I need some help with designing a database. My aim is to persistently store a number of pandas DataFrames in a searchable way, and from what I've read SQLite is perfect for this task.
Each DataFrame contains about a million rows of particle movement data like this:
z y x frame particle
0 49.724138 45.642857 813.035714 0 0
3789 14.345679 2820.537500 4245.162500 0 1
3788 10.692308 2819.210526 1646.842105 0 2
3787 34.100000 2817.700000 1375.300000 0 3
3786 8.244898 2819.729167 1047.375000 0 4
Using sqlalchemy I can already store each DataFrame as a table in a new DataBase:
from sqlalchemy import create_engine
import pandas as pd
engine = create_engine("sqlite:////mnt/storage/test.db")
exp1 = pd.read_csv("/mnt/storage/exp1.csv")

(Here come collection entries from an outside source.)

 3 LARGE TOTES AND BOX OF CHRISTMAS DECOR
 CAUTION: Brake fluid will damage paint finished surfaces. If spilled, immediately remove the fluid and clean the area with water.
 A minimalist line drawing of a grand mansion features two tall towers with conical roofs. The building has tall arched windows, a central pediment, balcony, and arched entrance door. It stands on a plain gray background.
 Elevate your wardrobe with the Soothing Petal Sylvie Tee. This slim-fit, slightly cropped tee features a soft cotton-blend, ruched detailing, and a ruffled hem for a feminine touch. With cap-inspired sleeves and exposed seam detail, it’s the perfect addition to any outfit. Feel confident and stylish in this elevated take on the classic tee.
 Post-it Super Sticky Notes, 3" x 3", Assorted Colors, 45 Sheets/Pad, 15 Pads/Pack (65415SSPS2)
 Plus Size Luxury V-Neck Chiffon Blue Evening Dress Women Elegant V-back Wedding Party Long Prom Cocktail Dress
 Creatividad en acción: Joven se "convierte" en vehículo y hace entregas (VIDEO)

exp2 = pd.read_csv("/mnt/storage/exp2.csv")
exp3 = pd.read_csv("/mnt/storage/exp3.csv")
exp1.to_sql("exp1", engine, if_exists="replace")

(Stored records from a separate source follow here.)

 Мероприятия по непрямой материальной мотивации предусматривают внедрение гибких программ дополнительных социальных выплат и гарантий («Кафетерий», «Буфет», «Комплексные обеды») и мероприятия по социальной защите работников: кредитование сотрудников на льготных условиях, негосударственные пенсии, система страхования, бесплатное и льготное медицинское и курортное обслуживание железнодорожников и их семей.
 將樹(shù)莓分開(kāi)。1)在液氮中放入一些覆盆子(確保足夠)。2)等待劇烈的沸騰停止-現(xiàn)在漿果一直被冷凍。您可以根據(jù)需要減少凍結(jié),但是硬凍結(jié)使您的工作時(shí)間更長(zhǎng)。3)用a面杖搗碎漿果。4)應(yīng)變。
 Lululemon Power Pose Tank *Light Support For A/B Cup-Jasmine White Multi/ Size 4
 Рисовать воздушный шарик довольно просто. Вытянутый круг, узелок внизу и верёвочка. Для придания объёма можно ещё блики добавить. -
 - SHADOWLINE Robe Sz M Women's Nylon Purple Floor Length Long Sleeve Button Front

exp2.to_sql("exp2", engine, if_exists="replace")
exp3.to_sql("exp2""exp3", engine, if_exists="replace")
But this is too basic. How can I store each DataFrame/experiment with a couple of metadata fields like Name
, Date
in such a way that later on it's possible to return all experiments conducted by a certain person, or on a specific date?
I will add more columns over time. Assuming each DataFrame/experiment has a column temperaturevelocity
, how could I retrieve all experiments where the mean temperature value is below or above an arbitrary threshold?